The shuttering of a slew of mines across South America has also tightened the spread of market deals and offers. Where material with even small impurities or grade deficiencies formerly traded as much as $60 per tonne above levels for prime clean brands, this has slimmed to more like $15 currently.
Chinese smelters back for cif tonnes
In China’s domestic market, Fastmarkets’ assessment of zinc concentrate TCs, spot, delivered North China, dropped to 5,900-6,200 yuan ($831-874) per tonne from 6,300-6,400 yuan one month ago.
Fastmarkets’ assessment of zinc concentrate TCs, spot, delivered South China, fell to 5,800-6,000 yuan per tonne from 6,100-6,300 yuan on February 28.
“Domestic demand is there, but there is inadequate supply from the domestic mines,” a zinc concentrates trader said.
China imported 692,794 tonnes of zinc concentrates in March, up by 17.3% from 590,728 tonnes in January-February 2019, according customs data.
Zinc, lead benchmarks settled
Declining spot terms seem to have spurred a conclusion to annual benchmark talks between miners and smelters.
Fastmarkets broke the news of a $299.75-per-tonne settlement between Korea Zinc and Teck Resources on Tuesday March 24.
Sources have subsequently said that Glencore agreed on the level with Teck the Friday prior, with Asian smelters following this time.
The benchmark TC, which has zeroed scales, is a 12-year high and came as a surprise to some in the market given the current tightening supply outlook.

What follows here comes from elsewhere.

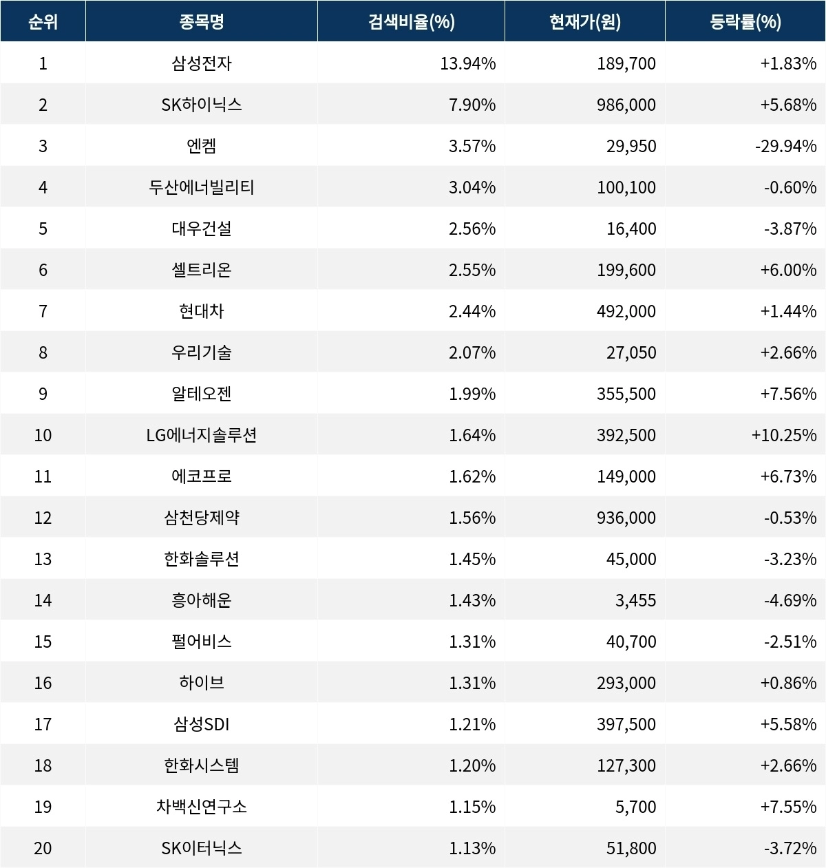 이어 검색비율 2위의 SK하이닉스(000660)는 상승률 5.68%로 상승 마감했다. 검색비율 3위의 엔켐(348370)은 -29.94%의 하락률로 하한가를 기록했다. 검색비율 4위 두산에너빌리티(034020)는 -0.60%로 보합 마감했다. 검색비율 5위 대우건설(047040)은 -3.87% 하락 마감했다.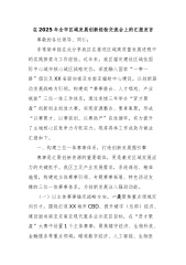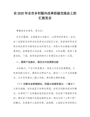 在2025年全市村集体经济高质量发展经验交流会议上的汇报发言尊敬的各位领导、同志们:非常荣幸能在此分享XX县发展村集体经济的实践探索。去年以来,我县紧扣“因地制宜、精准施策”发展主线,统筹推进资源整合、人才集聚、产业升级,村集体经济发展取得显著成效。现将主要做法汇报如下:一、深化协同联动机制,构建融合发展新格局推进村集体经济发展,协同联动是关键。我县通过构建全方位、多层次协作体系,打破部门壁垒、激活要素流通,为村集体经济发展筑牢坚实支撑。(一)健全包联机制,畅通基层治理通道。一是完善领导包联体系。建立县级领导干部及乡镇领导班子成员全覆盖包联制度,实现乡镇(街道)、村(社区)包联工作无死角。通过扁平化包户链条,压实组织、财政、农业等部门责任,集中破解制约村集体经济增收的难点问题,形成上下贯通、...

“If you are following this benchmark and you have a very nice clean quality, low silver, it seems to be a little bit high,” a producer source said. “But if you have a quality that China doesn’t like, if it’s high silver or gold or other elements then it’s fair enough.”
Still, the lack of price participation gives miners all the upside if London Metal Exchange prices rise after the exchange’s cash contract hit $1,742 per tonne on March 19, the lowest since April 2016.
March also saw annual contracts for lead concentrates come to light. At levels of $175 / 1.50 cents for Red Dog and $182.50 / 1.50 cents for Cannington, both the low-silver and high-silver terms are roughly equivalent when taking into account the additional silver content at Cannington.
The deals represent a marked increase from those agreed in 2019 when Cannington sold for $98 per tonne/$0.60 per oz, with Red Dog at similar numbers.
The higher terms come as both miners and smelters face challenges in a low-price environment for sister metals lead and zinc, along with silver, which forms a large part of revenues for many teams.
On Wednesday March 25, European lead smelter Recylex said it would shut down all lead production due to low prices and slack demand from automotive clients who have closed plants due to the Covid-19 virus outbreak.
Spot lead TCs continue uptrend
Lead TCs continued to climb owing to the high import arbitrage loss for units.
The import loss for bringing lead units into China ranged between 731 yuan and 2,550 yuan in March - still a hurdle to the import interests for lead concentrates.
Fastmarkets assessed lead spot concentrate TC, high silver, cif China, at $185-205 per tonne on March 27, up $5 from $180-200 per tonne the previous month.
The corresponding assessment for lead spot concentrate TC, low silver, cif China, was at $170-180 per tonne, up from $160-180 per tonne in the same comparison.
China’s combined imports of lead concentrates in January and February were 173,895 tonnes, down by 17.2% from 210,122 tonnes in the corresponding period of 2019.